In destinations like Morocco, Tunisia, Egypt, Mexico or the Philippines, which can be considered dangereous or very dangerous to roam around and hostile to foreigners, a lot of the tourism is what I like to call “beach resort” or “desert resort” tourism. That is a lot of the tourists tend to go to a resort at the beach or in the desert, enjoy spending time there, perhaps go on a couple of guided tours or excursions, visit the local market a couple of times, go on frills, and spend the rest of the time at the local beach or desert resort. Some resorts can be isolated, other locations can group several resorts and be built like small towns linking the several resorts. Of course, normal cities or towns tend to be off-limits for tourists, and tourists are warned at their arrival to the resort that they should not venture outside the resort. The target age group and social group for such tours is professionals in their thirties or forties or fifties, single or married without children or with teenage or older children. 

Now to culture shock theory. A lot of the literature does not explain clearly why people who travel tend to experience culture shock. In culture shock theory, people tend to go from stages of a honeymoon phase lasting three months where everything seems nice and wonderful, then to a shock phase which tends to last a year where people keep comparing cultures and miss their home country, to an adaptation phase where people adapt to the local country and lead more or less normal lives in the normal country.

What is often not discussed is that people who relocated abroad tend to do so as part of an organization, either a school or a workplace, or go abroad looking for work.
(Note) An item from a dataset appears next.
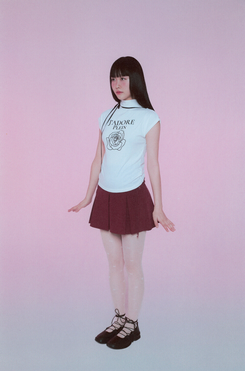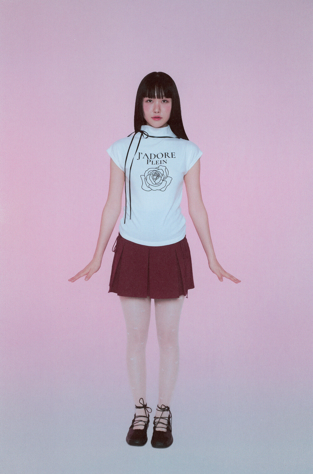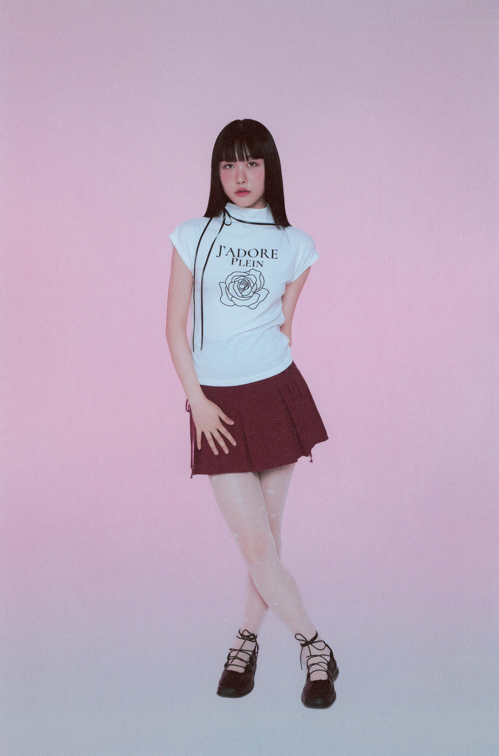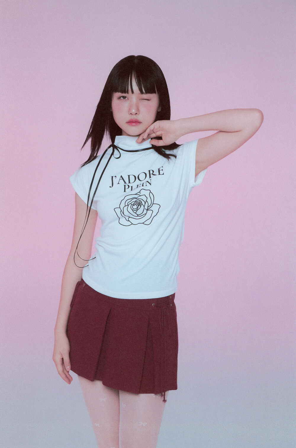 J'adore Plein Signature Ribbon Half-neck T-shirts (White)

For those who go abroad looking for work, the honeymoon phase tends to be a lot shorter, and the shock phase tends to emerge within days of their relocation, especially if they don't have all the required skills of funds to survive in the country.

For those who are part of organizations, you need to keep in mind that they will be welcome at the orgnaization at the beginning, and new members tend to be treated cordially at organizations. As guests, as foreigners, as people from outside lands, they tend to be viewed with surprise and curiosity, tend to receive a lot of attention and tend to be treated as the best guests. So obviously all that attention makes for a honeymoon phase. But then members of the organization tend to get used to the new person and go back to acting in their original ways, there is no more novelty in the new member, and the harsh reality of getting good grades or performing well on the job tends to set in. So it will take about a year before the new member of the organization and other members of the organization get used to each other.
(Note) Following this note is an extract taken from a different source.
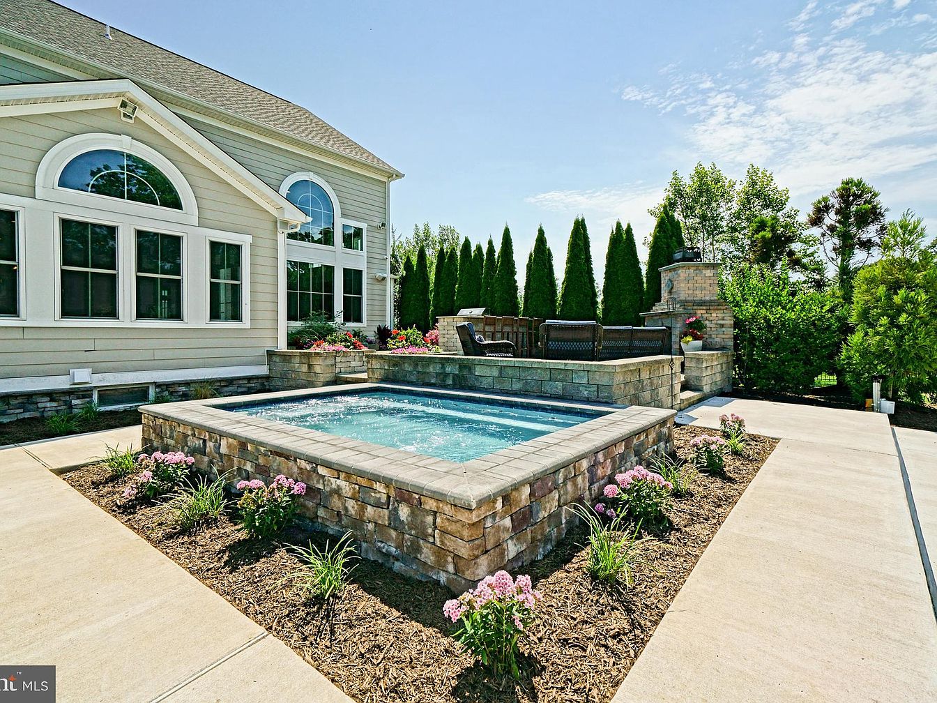 This image showcases a serene backyard retreat featuring a composite spa surrounded by stonework. The spa sits centrally, framed by lush greenery and colorful flowers, specifically pink blooms, which add vibrancy to the outdoor area. The house’s exterior, painted in soft beige, complements the natural stone of the spa’s edging. Light filters through large, arched windows, enhancing the inviting atmosphere. A patio area with comfortable seating invites relaxation, while tall evergreen trees in the background offer privacy and shade. The overall aesthetic emphasizes tranquility with harmonious colors and a well-maintained landscape, ideal for leisure.
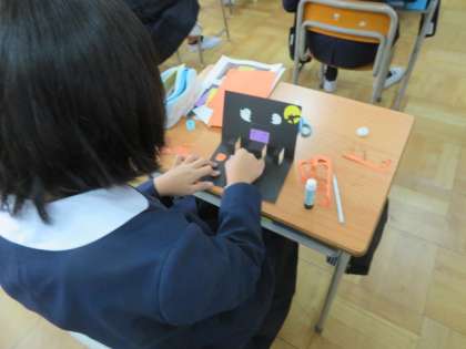 1組では、クランクを使ったおもちゃを仕上げた子どもから、ハロウィンのポップアップカードにチャレンジしていました。

Finally, regarding the promotion of the Korean wave, the main questions that Korea needs to ask is do they want to promote artistic products, or do they want to promote sales? Of course the goal is sales of the product, but if sales take over the artistic value of the product, sales will have trouble picking up. That is I see a lot of promotional events for Korean cultural products, but I don't see interaction between Korean artists or promoters and the general public. This tends to give viewers the impression that promoters want to take the money and run. So the idea is to promote the artistic value of the product, be it a movie, soap opera or music album, and then try to think about promoting sales. Of course sales don't always follow logical patterns, as some albums can be written and produced in 5 days and sell record numbers while others can take months to produce and perform poorly in sales. Some record-selling artists can sell millions of albums for their debut album, and sell very few albums for their follow-up album.